===== Given material =====

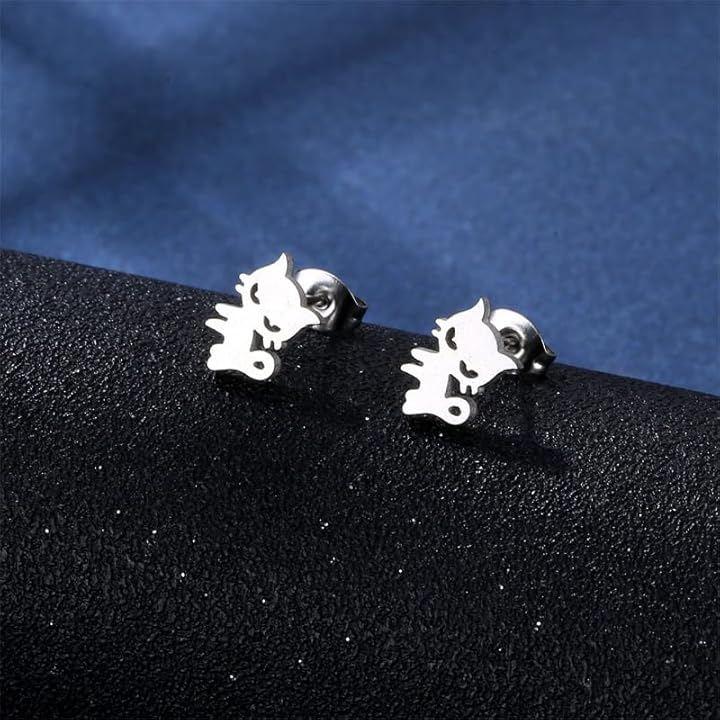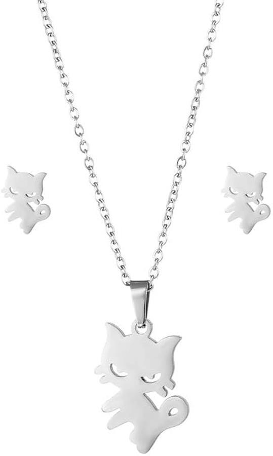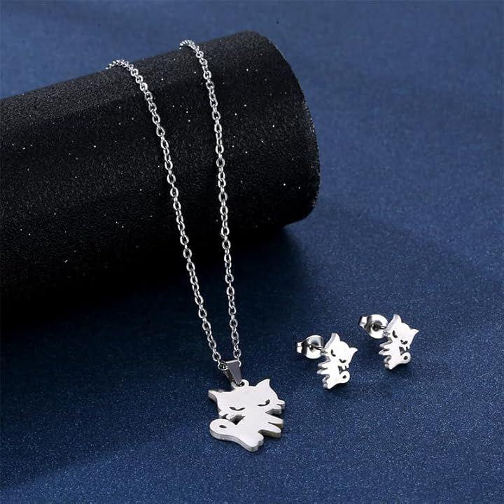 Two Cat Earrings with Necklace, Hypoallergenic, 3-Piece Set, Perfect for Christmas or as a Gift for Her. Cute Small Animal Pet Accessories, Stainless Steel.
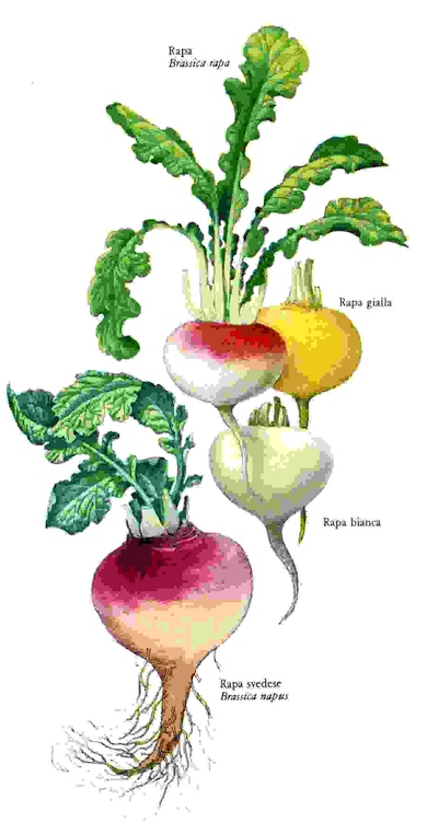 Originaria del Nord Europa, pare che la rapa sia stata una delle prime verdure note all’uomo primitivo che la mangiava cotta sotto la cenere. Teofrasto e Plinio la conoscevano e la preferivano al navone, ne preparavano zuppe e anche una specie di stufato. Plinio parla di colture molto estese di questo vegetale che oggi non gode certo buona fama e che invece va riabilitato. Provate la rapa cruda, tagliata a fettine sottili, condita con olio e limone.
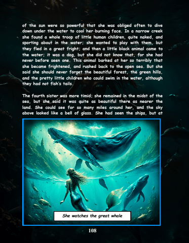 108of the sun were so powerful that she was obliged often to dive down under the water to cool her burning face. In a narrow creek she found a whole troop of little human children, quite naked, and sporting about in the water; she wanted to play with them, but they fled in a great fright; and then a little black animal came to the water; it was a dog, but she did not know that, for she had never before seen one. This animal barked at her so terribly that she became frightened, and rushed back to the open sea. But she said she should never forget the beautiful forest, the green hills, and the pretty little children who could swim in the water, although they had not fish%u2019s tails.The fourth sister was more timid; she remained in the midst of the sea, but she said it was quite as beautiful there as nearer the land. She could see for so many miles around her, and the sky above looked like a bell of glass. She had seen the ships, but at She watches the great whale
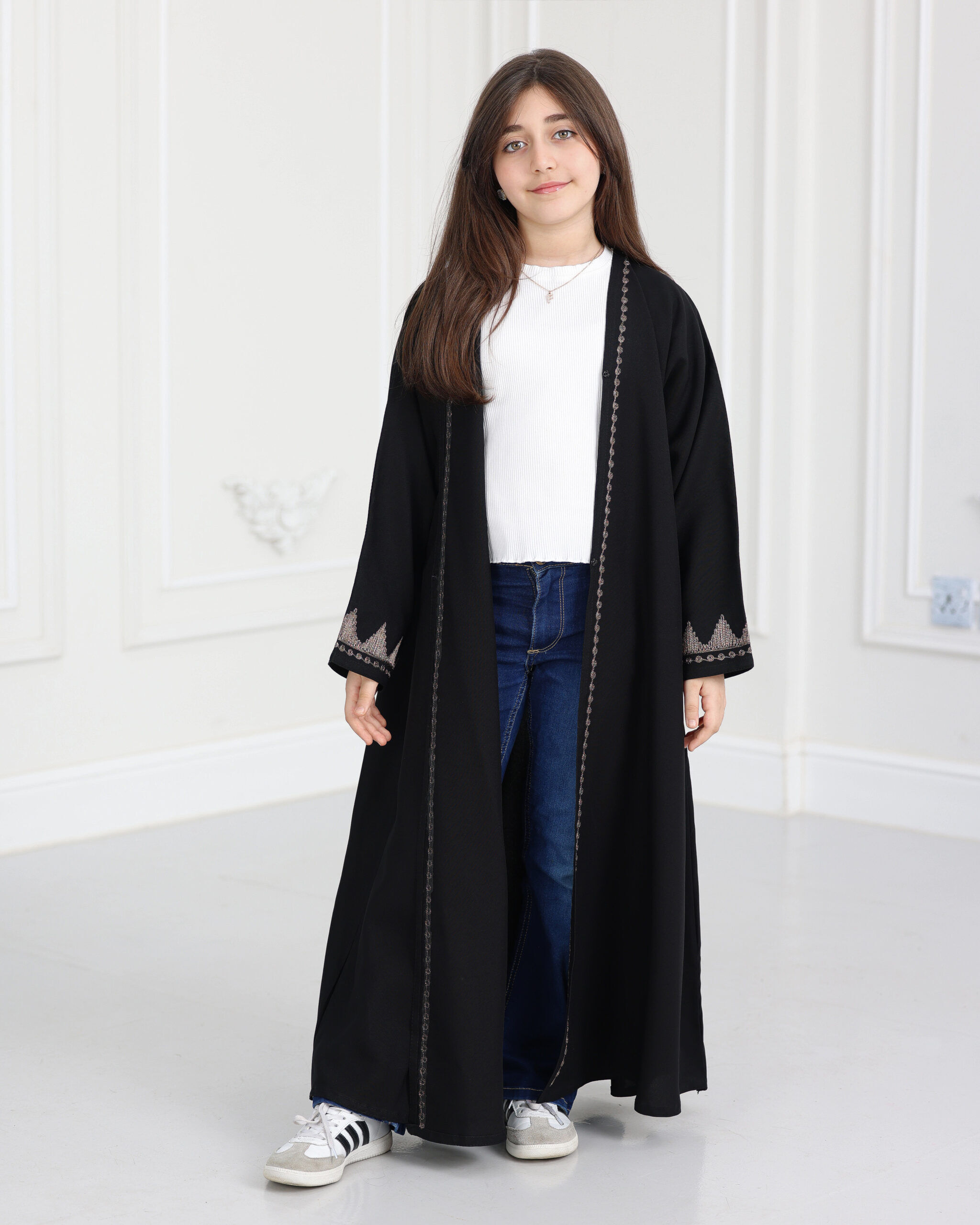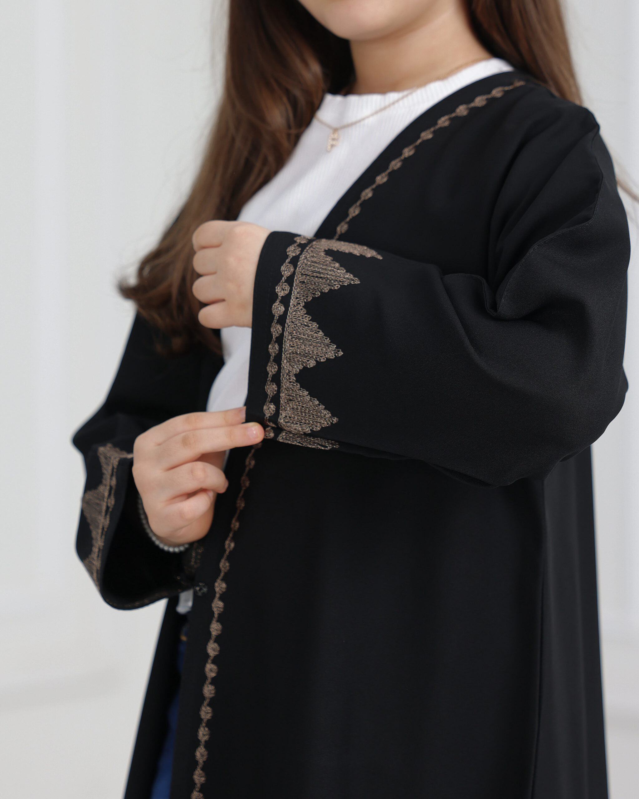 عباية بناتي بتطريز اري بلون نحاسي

=====

- **Problem to work on**:
The line containing "Originaria del Nord" marks the end: retype every line from the first one in the listing up to and including it, without pictures.

- **Written answer**:
 Two Cat Earrings with Necklace, Hypoallergenic, 3-Piece Set, Perfect for Christmas or as a Gift for Her. Cute Small Animal Pet Accessories, Stainless Steel.
 Originaria del Nord Europa, pare che la rapa sia stata una delle prime verdure note all’uomo primitivo che la mangiava cotta sotto la cenere. Teofrasto e Plinio la conoscevano e la preferivano al navone, ne preparavano zuppe e anche una specie di stufato. Plinio parla di colture molto estese di questo vegetale che oggi non gode certo buona fama e che invece va riabilitato. Provate la rapa cruda, tagliata a fettine sottili, condita con olio e limone.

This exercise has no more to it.